MBABANE – Economic mismanagement and inappropriate government spending priorities have made Eswatini Africa’s poorest performing economy.
Formerly known as Swaziland, Eswatini had its 2018 GDP growth slashed by the Central Bank to 1.5%, down from 1.9% in 2017. “Growth in the short to medium term is expected to remain passive, although positive, as the fiscal situation is not expected to improve,” said the Central Bank in a statement.
The poorly performing economy is causing social unrest. Government suppliers have not been paid for months, causing a cash flow crisis in the private sector, including transportation businesses, which in the country’s small economy rely on government contracts. With foreign direct investment flat, corruption ingrained, and no economic stimulus under consideration by government, the fundamentals are not propitious for improvement.

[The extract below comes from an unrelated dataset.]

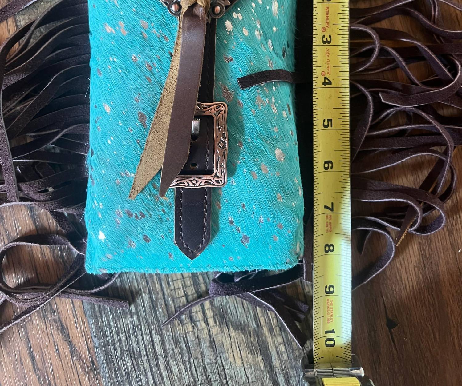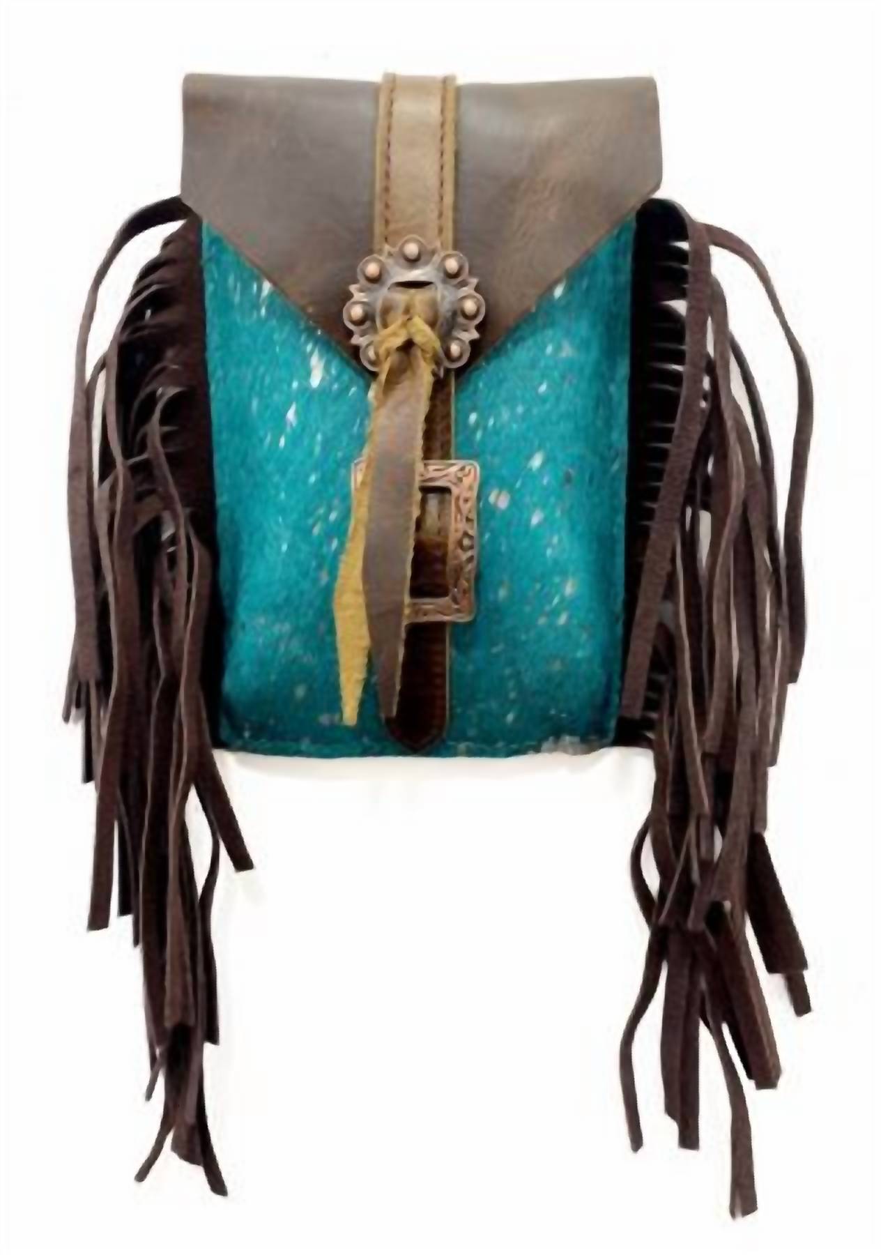 This crossbody bag will be your go-to bag of the season. Introducing the Showman Women's Hair On Cowhide Saddle Bag, crafted in striking Acid Wash Teal for bold sophistication. Made from genuine leather, this crossbody bag showcases the unique tones and patterns inherent to real cowhide, ensuring each piece is distinctive. The bag measures 8.5" in height and 5" in width, providing ample space for essentials like your phone, keys, and money. Perfect for stylish functionality while on the go.

A decline in manufacturing means that this sector will contribute a negative -0.01 to GDP growth.
The country’s only mineral export, coal, which is moved by rail, has seen production decline this past year. A ban on Swazi beef put in place by the European Union in September 2017 has reduced meat exports. However, good rains this year have translated into 5.7% growth in agricultural production. Swazi transporters have less business this year.
“The transportation sub-sector, which has direct links with activity under manufacturing, mining, construction and agriculture will slow down due to poor performance of these sectors, particularly due to weak manufacturing and mining activity,” reported the Central Bank.